Entries taken from a collection:
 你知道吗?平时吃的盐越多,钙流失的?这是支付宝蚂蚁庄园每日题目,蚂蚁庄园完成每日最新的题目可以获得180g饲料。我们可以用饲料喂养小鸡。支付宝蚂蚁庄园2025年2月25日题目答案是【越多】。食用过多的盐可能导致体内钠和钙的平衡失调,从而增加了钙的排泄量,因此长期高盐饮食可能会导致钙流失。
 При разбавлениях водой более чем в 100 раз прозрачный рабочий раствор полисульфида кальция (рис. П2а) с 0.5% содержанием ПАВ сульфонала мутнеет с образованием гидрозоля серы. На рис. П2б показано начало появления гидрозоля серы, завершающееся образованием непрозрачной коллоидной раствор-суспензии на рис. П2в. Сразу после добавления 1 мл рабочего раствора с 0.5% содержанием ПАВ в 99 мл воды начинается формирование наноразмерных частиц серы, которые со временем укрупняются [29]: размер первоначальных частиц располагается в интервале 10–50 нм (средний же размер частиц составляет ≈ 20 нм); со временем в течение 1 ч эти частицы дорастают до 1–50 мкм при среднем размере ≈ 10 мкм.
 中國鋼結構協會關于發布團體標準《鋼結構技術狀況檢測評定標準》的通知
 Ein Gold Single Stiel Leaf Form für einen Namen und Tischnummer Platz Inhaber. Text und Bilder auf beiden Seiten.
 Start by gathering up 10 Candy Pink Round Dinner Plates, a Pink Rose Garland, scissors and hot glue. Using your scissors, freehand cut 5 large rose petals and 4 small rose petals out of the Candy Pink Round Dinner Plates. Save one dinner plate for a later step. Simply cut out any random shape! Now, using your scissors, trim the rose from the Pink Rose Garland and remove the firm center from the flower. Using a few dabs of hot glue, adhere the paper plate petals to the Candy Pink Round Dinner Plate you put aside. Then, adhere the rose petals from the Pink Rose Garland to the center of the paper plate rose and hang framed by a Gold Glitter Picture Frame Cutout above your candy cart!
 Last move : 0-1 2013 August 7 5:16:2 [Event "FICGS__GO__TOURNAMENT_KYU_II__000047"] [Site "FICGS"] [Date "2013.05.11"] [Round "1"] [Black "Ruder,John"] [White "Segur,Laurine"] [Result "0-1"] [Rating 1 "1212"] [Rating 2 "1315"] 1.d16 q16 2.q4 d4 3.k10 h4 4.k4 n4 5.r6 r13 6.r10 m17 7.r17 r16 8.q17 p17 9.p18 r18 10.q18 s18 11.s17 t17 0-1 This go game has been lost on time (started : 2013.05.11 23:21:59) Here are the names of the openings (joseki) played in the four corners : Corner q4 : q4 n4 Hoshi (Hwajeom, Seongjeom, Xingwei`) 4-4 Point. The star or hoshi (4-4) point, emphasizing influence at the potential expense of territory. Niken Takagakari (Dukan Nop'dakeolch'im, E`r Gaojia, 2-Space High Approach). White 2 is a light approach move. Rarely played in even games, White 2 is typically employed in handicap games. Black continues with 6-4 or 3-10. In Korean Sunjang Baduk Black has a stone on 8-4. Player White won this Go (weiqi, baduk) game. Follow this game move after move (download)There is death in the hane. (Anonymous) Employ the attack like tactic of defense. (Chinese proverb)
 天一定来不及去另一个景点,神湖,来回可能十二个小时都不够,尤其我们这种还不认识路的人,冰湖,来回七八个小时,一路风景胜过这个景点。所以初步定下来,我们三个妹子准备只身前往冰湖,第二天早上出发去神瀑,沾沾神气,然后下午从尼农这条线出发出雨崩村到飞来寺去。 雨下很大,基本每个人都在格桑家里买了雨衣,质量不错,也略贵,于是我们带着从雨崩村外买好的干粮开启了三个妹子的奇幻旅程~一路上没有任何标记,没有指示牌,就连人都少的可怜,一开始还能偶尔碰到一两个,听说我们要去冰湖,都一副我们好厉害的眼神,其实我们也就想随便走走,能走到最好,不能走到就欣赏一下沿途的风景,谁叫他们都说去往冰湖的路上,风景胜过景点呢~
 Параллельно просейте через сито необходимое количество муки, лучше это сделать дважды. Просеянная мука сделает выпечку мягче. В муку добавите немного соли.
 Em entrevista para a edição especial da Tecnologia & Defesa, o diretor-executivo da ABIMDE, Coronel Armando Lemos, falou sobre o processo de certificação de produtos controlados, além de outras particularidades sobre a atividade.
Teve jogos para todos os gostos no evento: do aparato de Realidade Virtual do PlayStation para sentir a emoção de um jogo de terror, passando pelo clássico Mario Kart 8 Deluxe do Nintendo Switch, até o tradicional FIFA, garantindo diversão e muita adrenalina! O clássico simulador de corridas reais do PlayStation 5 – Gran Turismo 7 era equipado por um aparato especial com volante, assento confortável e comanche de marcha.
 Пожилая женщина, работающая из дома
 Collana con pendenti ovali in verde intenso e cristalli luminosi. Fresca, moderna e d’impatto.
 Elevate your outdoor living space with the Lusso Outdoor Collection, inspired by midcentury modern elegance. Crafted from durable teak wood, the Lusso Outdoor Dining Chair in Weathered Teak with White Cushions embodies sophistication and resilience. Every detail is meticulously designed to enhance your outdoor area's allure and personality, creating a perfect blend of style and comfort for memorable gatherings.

- Problem details -
Give back each record above exactly as written.

- Task output -
 你知道吗?平时吃的盐越多,钙流失的?这是支付宝蚂蚁庄园每日题目,蚂蚁庄园完成每日最新的题目可以获得180g饲料。我们可以用饲料喂养小鸡。支付宝蚂蚁庄园2025年2月25日题目答案是【越多】。食用过多的盐可能导致体内钠和钙的平衡失调,从而增加了钙的排泄量,因此长期高盐饮食可能会导致钙流失。
 При разбавлениях водой более чем в 100 раз прозрачный рабочий раствор полисульфида кальция (рис. П2а) с 0.5% содержанием ПАВ сульфонала мутнеет с образованием гидрозоля серы. На рис. П2б показано начало появления гидрозоля серы, завершающееся образованием непрозрачной коллоидной раствор-суспензии на рис. П2в. Сразу после добавления 1 мл рабочего раствора с 0.5% содержанием ПАВ в 99 мл воды начинается формирование наноразмерных частиц серы, которые со временем укрупняются [29]: размер первоначальных частиц располагается в интервале 10–50 нм (средний же размер частиц составляет ≈ 20 нм); со временем в течение 1 ч эти частицы дорастают до 1–50 мкм при среднем размере ≈ 10 мкм.
 中國鋼結構協會關于發布團體標準《鋼結構技術狀況檢測評定標準》的通知
 Ein Gold Single Stiel Leaf Form für einen Namen und Tischnummer Platz Inhaber. Text und Bilder auf beiden Seiten.
 Start by gathering up 10 Candy Pink Round Dinner Plates, a Pink Rose Garland, scissors and hot glue. Using your scissors, freehand cut 5 large rose petals and 4 small rose petals out of the Candy Pink Round Dinner Plates. Save one dinner plate for a later step. Simply cut out any random shape! Now, using your scissors, trim the rose from the Pink Rose Garland and remove the firm center from the flower. Using a few dabs of hot glue, adhere the paper plate petals to the Candy Pink Round Dinner Plate you put aside. Then, adhere the rose petals from the Pink Rose Garland to the center of the paper plate rose and hang framed by a Gold Glitter Picture Frame Cutout above your candy cart!
 Last move : 0-1 2013 August 7 5:16:2 [Event "FICGS__GO__TOURNAMENT_KYU_II__000047"] [Site "FICGS"] [Date "2013.05.11"] [Round "1"] [Black "Ruder,John"] [White "Segur,Laurine"] [Result "0-1"] [Rating 1 "1212"] [Rating 2 "1315"] 1.d16 q16 2.q4 d4 3.k10 h4 4.k4 n4 5.r6 r13 6.r10 m17 7.r17 r16 8.q17 p17 9.p18 r18 10.q18 s18 11.s17 t17 0-1 This go game has been lost on time (started : 2013.05.11 23:21:59) Here are the names of the openings (joseki) played in the four corners : Corner q4 : q4 n4 Hoshi (Hwajeom, Seongjeom, Xingwei`) 4-4 Point. The star or hoshi (4-4) point, emphasizing influence at the potential expense of territory. Niken Takagakari (Dukan Nop'dakeolch'im, E`r Gaojia, 2-Space High Approach). White 2 is a light approach move. Rarely played in even games, White 2 is typically employed in handicap games. Black continues with 6-4 or 3-10. In Korean Sunjang Baduk Black has a stone on 8-4. Player White won this Go (weiqi, baduk) game. Follow this game move after move (download)There is death in the hane. (Anonymous) Employ the attack like tactic of defense. (Chinese proverb)
 天一定来不及去另一个景点,神湖,来回可能十二个小时都不够,尤其我们这种还不认识路的人,冰湖,来回七八个小时,一路风景胜过这个景点。所以初步定下来,我们三个妹子准备只身前往冰湖,第二天早上出发去神瀑,沾沾神气,然后下午从尼农这条线出发出雨崩村到飞来寺去。 雨下很大,基本每个人都在格桑家里买了雨衣,质量不错,也略贵,于是我们带着从雨崩村外买好的干粮开启了三个妹子的奇幻旅程~一路上没有任何标记,没有指示牌,就连人都少的可怜,一开始还能偶尔碰到一两个,听说我们要去冰湖,都一副我们好厉害的眼神,其实我们也就想随便走走,能走到最好,不能走到就欣赏一下沿途的风景,谁叫他们都说去往冰湖的路上,风景胜过景点呢~
 Параллельно просейте через сито необходимое количество муки, лучше это сделать дважды. Просеянная мука сделает выпечку мягче. В муку добавите немного соли.
 Em entrevista para a edição especial da Tecnologia & Defesa, o diretor-executivo da ABIMDE, Coronel Armando Lemos, falou sobre o processo de certificação de produtos controlados, além de outras particularidades sobre a atividade.
Teve jogos para todos os gostos no evento: do aparato de Realidade Virtual do PlayStation para sentir a emoção de um jogo de terror, passando pelo clássico Mario Kart 8 Deluxe do Nintendo Switch, até o tradicional FIFA, garantindo diversão e muita adrenalina! O clássico simulador de corridas reais do PlayStation 5 – Gran Turismo 7 era equipado por um aparato especial com volante, assento confortável e comanche de marcha.
 Пожилая женщина, работающая из дома
 Collana con pendenti ovali in verde intenso e cristalli luminosi. Fresca, moderna e d’impatto.
 Elevate your outdoor living space with the Lusso Outdoor Collection, inspired by midcentury modern elegance. Crafted from durable teak wood, the Lusso Outdoor Dining Chair in Weathered Teak with White Cushions embodies sophistication and resilience. Every detail is meticulously designed to enhance your outdoor area's allure and personality, creating a perfect blend of style and comfort for memorable gatherings.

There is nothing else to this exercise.